Großbritanniens Türsteher
Frankreichs hartes Vorgehen gegen Migranten stößt auf Kritik
LONDON/PARIS – Sie rammen Flüchtlingsboote, setzen sie unter Wasser oder schlitzen sie auf: Französische Sicherheitskräfte fangen Migranten im Ärmelkanal offenbar mit rauen Methoden ab. Hintergrund ist ein Deal zwischen dem britischen Premier Rishi Sunak und dem französischen Präsidenten Emmanuel Macron.
„Stop the boats!“lautet die Forderung vom britischen Premier an den französischen Präsidenten. Dafür greift er seit einem Deal im März 2023 tief in die Tasche: Großbritannien zahlt Frankreich bis 2026 insgesamt 541 Millionen Euro. Das ist deutlich mehr als in den Jahren zuvor. Damit sollen Überwachungskameras, Drohnen und Boote für Abfangaktionen im Ärmelkanal finanziert werden. Das Ziel ist klar: Die Zahl der Grenzübertritte soll „drastisch“reduziert werden.
Der Deal sei ein „Wendepunkt“heißt es von französischen Beamten. Die Briten übten nun Druck aus und verlangten von ihren französischen Türstehern Resultate. Im September 2023 sagte der britische Migrationsminister Robert Jenrick bereits, was man erwarte: Man habe die Franzosen ermutigt, Boote von Migranten „auf dem Wasser abzufangen“. Die Franzosen scheinen sich dem Druck zu beugen und gehen mittlerweile mit teils riskanten Methoden gegen die Schlauchboote vor. Das zeigt eine gemeinsame Recherche von „Spiegel“, „Lighthouse Reports“, „Observer“und der Zeitung „Le Monde“. Die Reporter befragten Geflüchtete, Grenzschützer und hochrangige Beamte und verifizierten Videos, die Migranten mit ihren Handys aufgenommen hatten.
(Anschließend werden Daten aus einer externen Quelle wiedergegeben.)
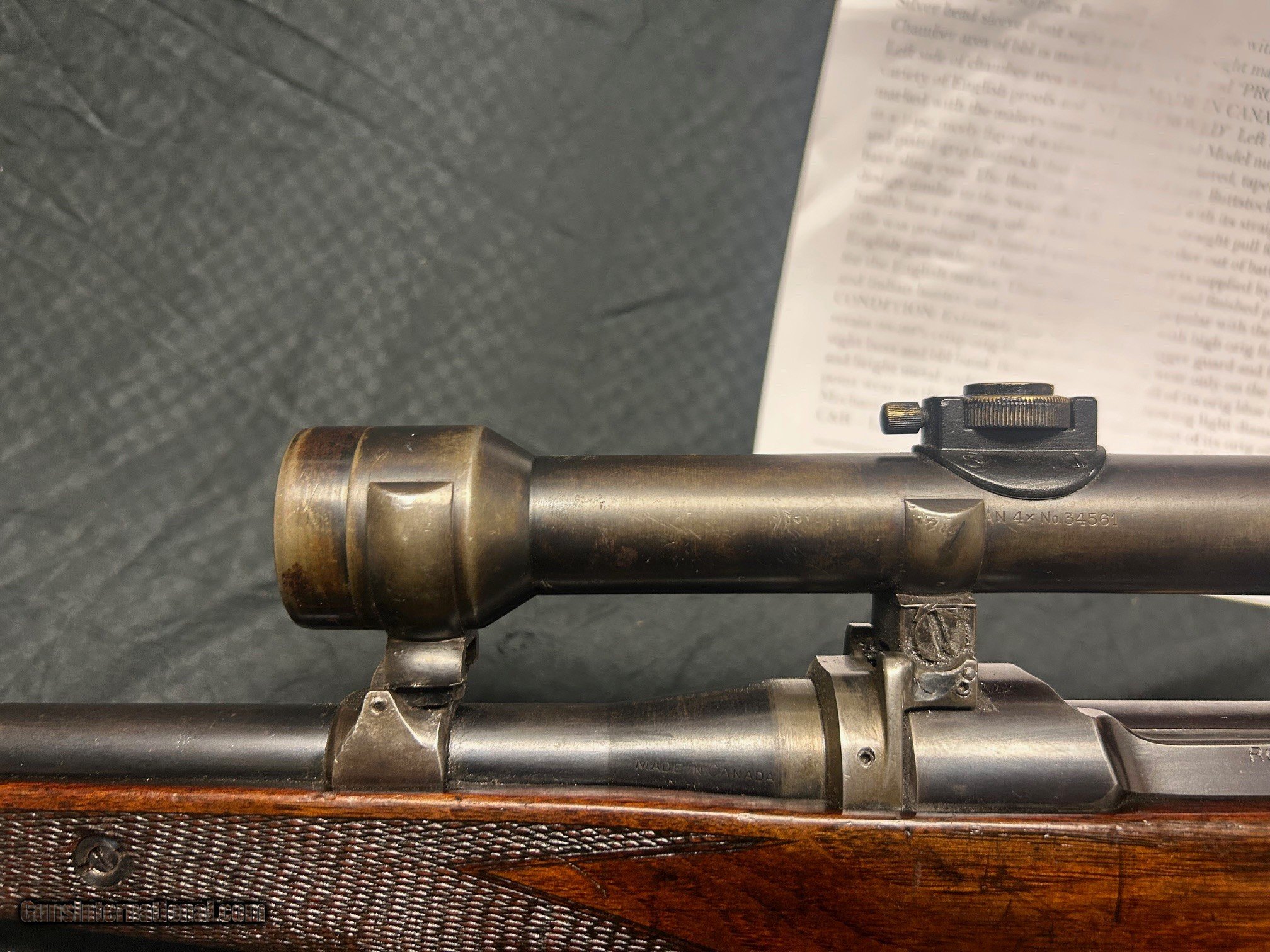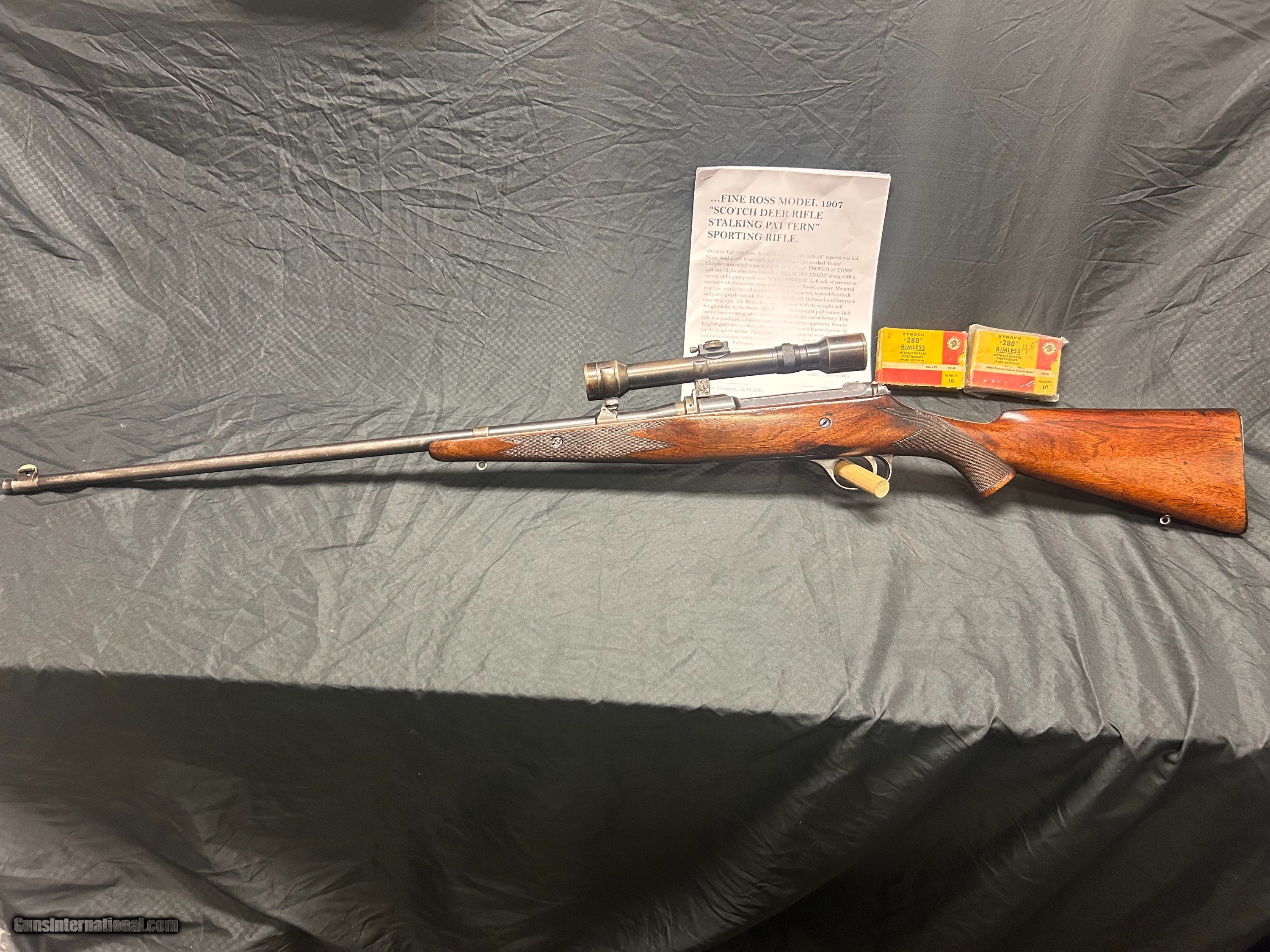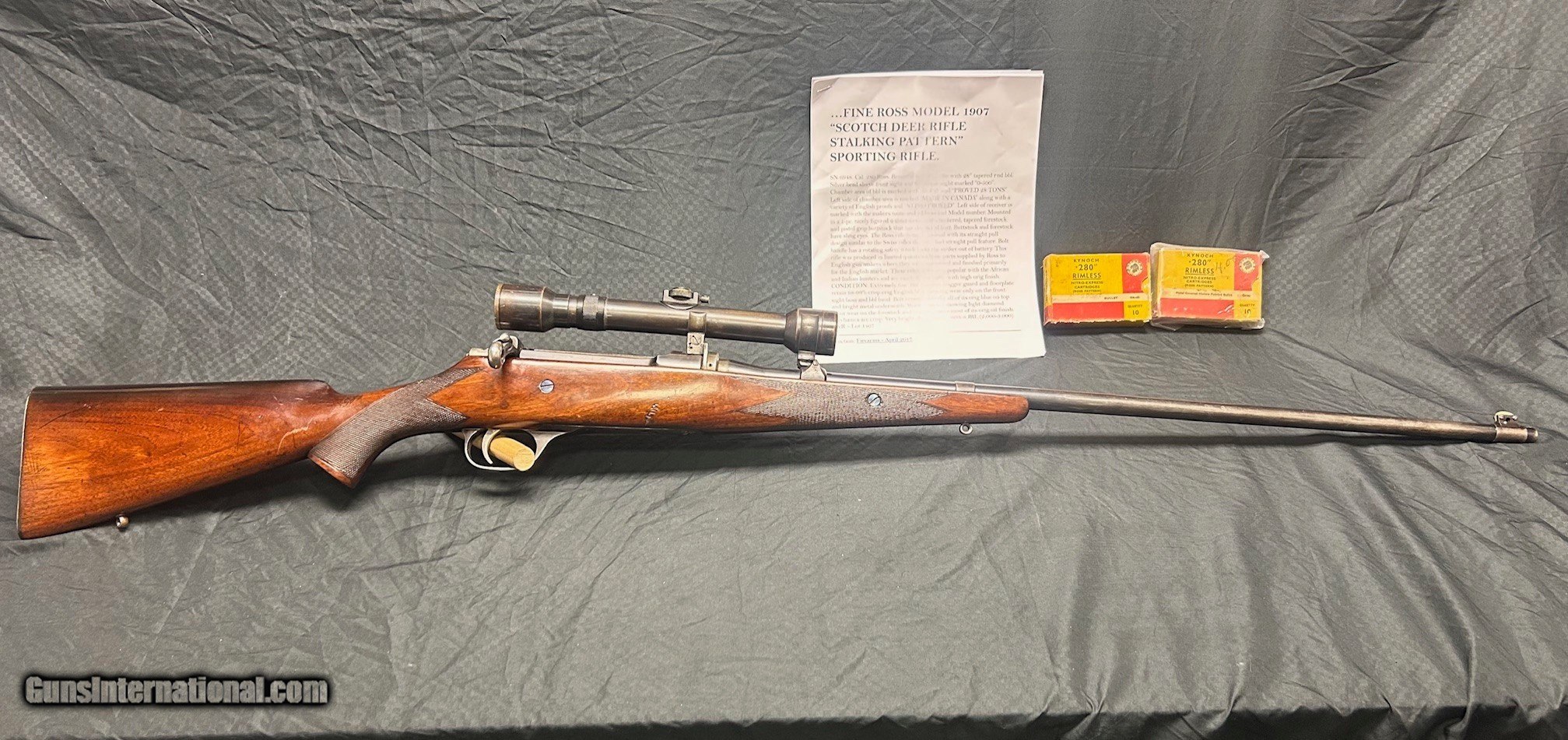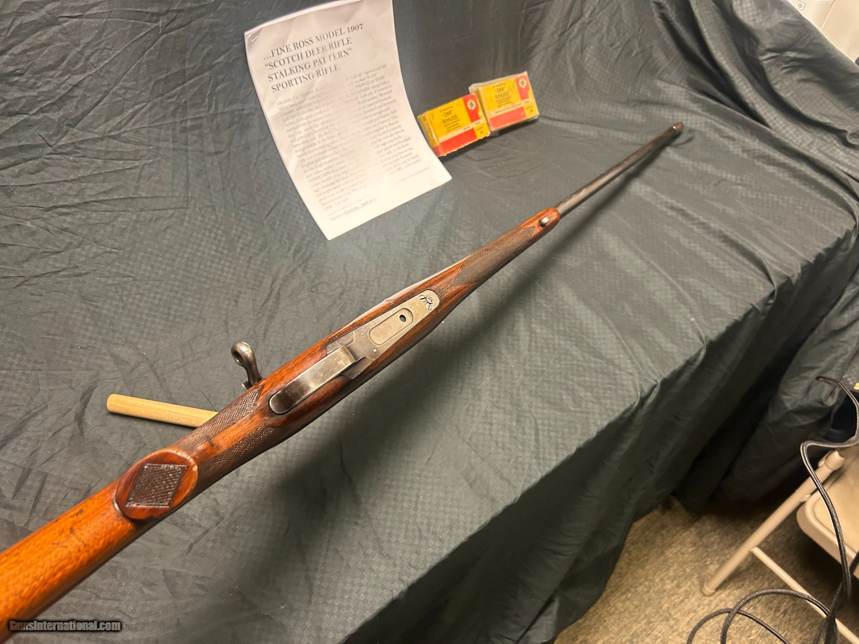 Description: What we have to offer is a Ross rifle made in Canada. This ross is a model 1905 that comes in the 280 Rimless Nitro Express Cartridges ross pattern. This gun comes with a blued 28 inch barrel. Has two boxes of factory ammo that comes with it. Will need to be shipped different from gun. The serial number is 6948. NOTE WE DO ADD 3% FOR ALL CARDS BUYER WILL PAY FOR SHIPPING SOLD Rifle Caliber: .280 Ross Manufacturer: Ross Model: 1905 Serial Number: 6948 Barrel Length: 28 Condition: 90% Metal Condition: 92% Wood Condition: 95% Bore Condition: Excellent |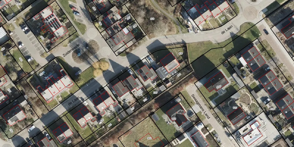 Gebruik de zoekbalk of klik op een perceel voor informatie over de adressen binnen dit perceel.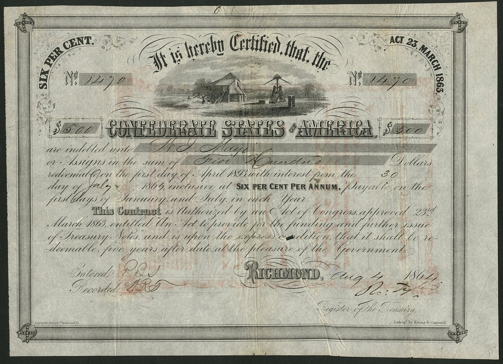 Act of March 23 1863, 6% stock certificate for $ [500], #1470, redeemable 1 April 1893, vignette of cotton gin and cotton press, black (Ball 268, Criswell 134), some splits in folds with minor repairs, GF.

Die Aufnahmen zeigen unter anderem, wie sich ein Boot der französischen Nationalpolizei nähert und immer wieder kurz vor den Migranten abdreht, sodass Welle um Welle in das Schlauchboot schwappt und die Menschen bald bis zu den Knien im Wasser sitzen. Die französischen Behörden bestreiten den Vorfall nicht. Im Gegenteil: Die Aktion habe tagsüber im Hafengelände stattgefunden, man habe verhindern wollen, dass die Menschen das offene Meer erreichten. Es sei das einzige Manöver dieser Art und: „Alle Migranten wurden gerettet und die Schlepper festgenommen.“
Der ehemalige britische Küstenwächter Kevin Saunders sieht den Vorfall nicht so gelassen: „Das Video hat mich schockiert“, sagt er. Das sei „unglaublich gefährlich“. Vom britischen Innenministerium heißt es, die Zahl der Migranten sei inakzeptabel hoch. „Wir werden alles tun, um diese gefährlichen und tödlichen Überfahrten zu unterbinden“, so ein Sprecher. Die französischen Kollegen würden Menschenleben retten.